### What this task involves
From the first line below to the last, reproduce the material exactly and leave out the images.
Data segment section start
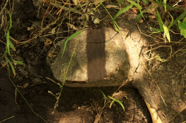 Fingerpainting a mud line or 'fake shadow' onto a cut tree trunk - a ghost image of a branch that were part of the tree.
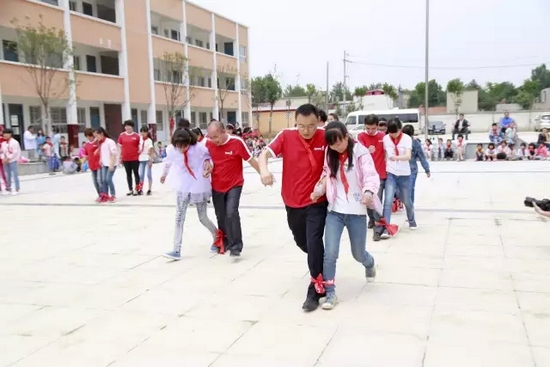 “加油,加油!”昨天,中牟黃店鎮中心小學的學生和志愿者們一起在廣播的音樂下玩著背靠背、兩人三足的游戲,大家玩得興高采烈。而這樣普通的游戲,這個學校的很多孩子是第一次玩兒。
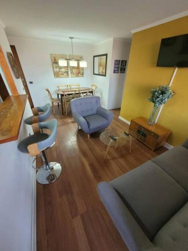 Hermoso departamento completo offers accommodations in Chorrillos, 2.5 miles from Zorros del Desierto Stadium and 13 miles from Chuquicamata. This property offers access to a terrace, free private parking, and free Wifi. The apartment is composed of 1 bedroom, a fully equipped kitchen, and 1 bathroom. A flat-screen TV is available. El Loa Airport is 4.3 miles from the property.
Data segment section end
### Task solution
 Fingerpainting a mud line or 'fake shadow' onto a cut tree trunk - a ghost image of a branch that were part of the tree.
 “加油,加油!”昨天,中牟黃店鎮中心小學的學生和志愿者們一起在廣播的音樂下玩著背靠背、兩人三足的游戲,大家玩得興高采烈。而這樣普通的游戲,這個學校的很多孩子是第一次玩兒。
 Hermoso departamento completo offers accommodations in Chorrillos, 2.5 miles from Zorros del Desierto Stadium and 13 miles from Chuquicamata. This property offers access to a terrace, free private parking, and free Wifi. The apartment is composed of 1 bedroom, a fully equipped kitchen, and 1 bathroom. A flat-screen TV is available. El Loa Airport is 4.3 miles from the property.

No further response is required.